Postby Jean Fournell » Fri Oct 03, 2014 10:50 pm

Diane wrote:I like to contemplate that the waves in the ocean seem to move horizontally, but they really only move vertically...
The waves move horizontally, too when they are breaking.

Eihei Dôgen wrote a poem called "Zazen", which says something like this:

Steady moonlight,
calm and clear,
pervading the floods of the mind:
the waves, even as they are breaking,
turn into light.


In "Samson in New Orleans", as on all of "Popular Problems", I see Leonard Cohen on the side of the oppressed, the ones "On the bridge of misery".

The City of Gretna on the West Bank of the Mississippi River received considerable press coverage when, in the aftermath of Hurricane Katrina (late August 2005), displaced and dehydrated survivors who attempted to escape from New Orleans by walking over the Crescent City Connection bridge over the Mississippi River were turned back at gunpoint by City of Gretna Police, along with Crescent City Connection Police and Jefferson Parish Sheriff's deputies, who set up a roadblock on the bridge in the days following the hurricane.
(From Wikipedia)


And decidedly so. That does not exclude zen references, but I can't see the "housebuilder unmasked" here. Zen is zazen and samu, or, as the Roman Catholics have it, "ora et labora" (seated meditation and work or pray and work). Here I rather see Leonard Cohen at work.

"There's other ways to answer
That certainly is true
Me, I'm blind with death and anger
And that's no place for you"

Samson knows he's blind to the "other ways", his samu/labora is to "take this temple down".

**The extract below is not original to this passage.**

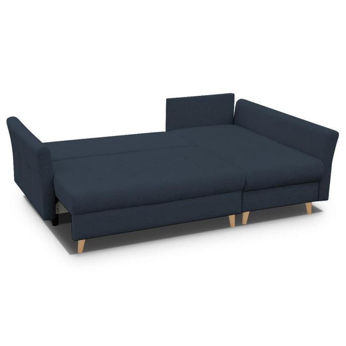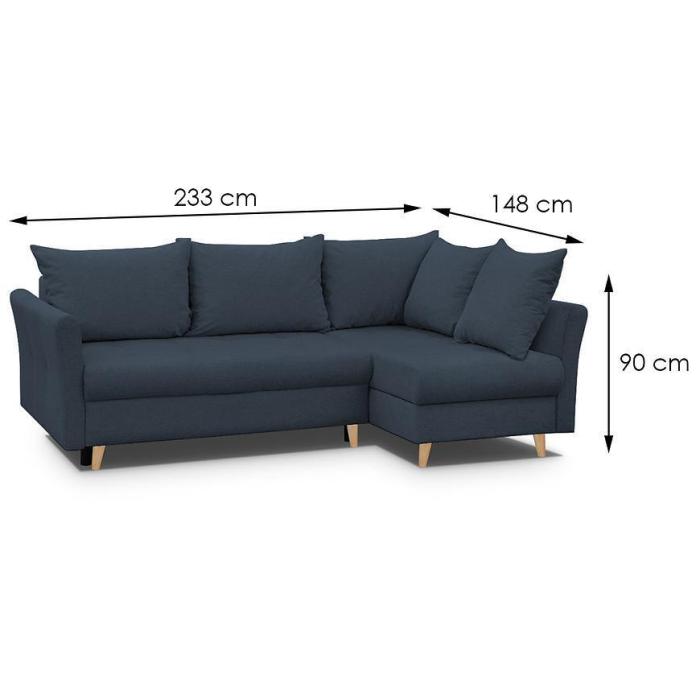 Narożnik NIKO to elegancja, wygoda i funkcjonalność. Jego bazowym kolorem jest granatowy. Kanapa narożna rozkładana to mebel idealny do wspólnego wypoczynku z rodziną i znajomymi. Również doskonale wkomponuje się biurowe aranżacje. Nowoczesny narożnik w ponadczasowym stylu z funkcją spania wyposażony jest w sprężyny faliste. Oparcie to poduszki czyli dodatkowy komfort podczas wypoczynku lub oglądania telewizji. Mały narożnik z dwoma pojemnikami to idealne rozwiązanie, które świetnie sprawdzi się pokoju dziennym. Meble wypoczynkowe wyposażone w funkcję spania to doskonały wybór na długie lata, które zapewnią wysoki komfort podczas wypoczynku.

(He is blind, physically blinded by the Philistines and mentally blinded by the situation in New Orleans, but he is not blind with ideology. He only seems to be a kamikaze or a suicide-attacker in reality he says "I'll write you when it's over". And postal services from inside the grave tend to be frankly inefficient, even Samson knows that.)

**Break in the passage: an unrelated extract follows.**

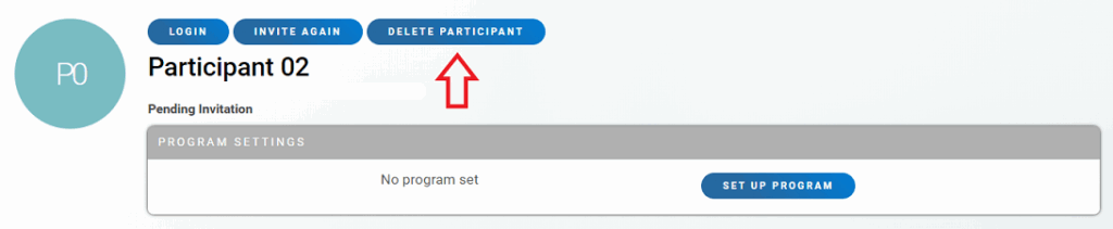 1.2 The participant’s profile page will open. To delete this user click on the “Delete participant” button.

Which other ways? My guess is that we'll learn that on "Impopular Solutions", as Leonard Cohen nicknames his next album for the time being.

My guess is that he is finishing a trilogy (Old Ideas Popular Problems "Impopular Solutions") answering his first three albums (which, in retrospective, seem like some kind of very loosely knit trilogy). Old Ideas, the spiritual album, opening the eyes "and then it's back to the marketplace"; Popular Problems taking place inside the marketplace and looking at the world as it is; and then "Impopular Solutions"? Possibly giving references to the law (not Law). Samu, labora, human law. At a universal scale. That's the only "other ways" I can see for now.

And returning to the topic: there indeed are quite some changes in Leonard Cohen's theological position. I'm not talking about his private convictions, of course, which I have no business to meddle with. I'm talking about positions he describes in his work, allowing clearly for a difference between the artist and his art.

In "I asked my father / I said father change my name", he is most certainly far away from the current prayer of the "Give me money, and give me health, and bust my neighbour's lawnmower" type. But there is no hint in there, either, of the tiny little word "please" (short for "if it please you"). And a personal godhead answers "I locked you in this body / I meant it as a kind of trial".

Alterity in duality, even: by means of duality. On eye-level more or less, one of the two with a bit more power. A polytheist pantheon reduced to only one god, but for the rest it seems pretty much the same mechanism.

Later, in "If it be Your Will", there is this "please". In a prominent position, too: it is the title of the prayer, not only some appendix. And it is not directed to a personal God. And basically, it claims neither answer nor action. It is accessible for one like me, an atheist, with no effort at all (strange as that may seem).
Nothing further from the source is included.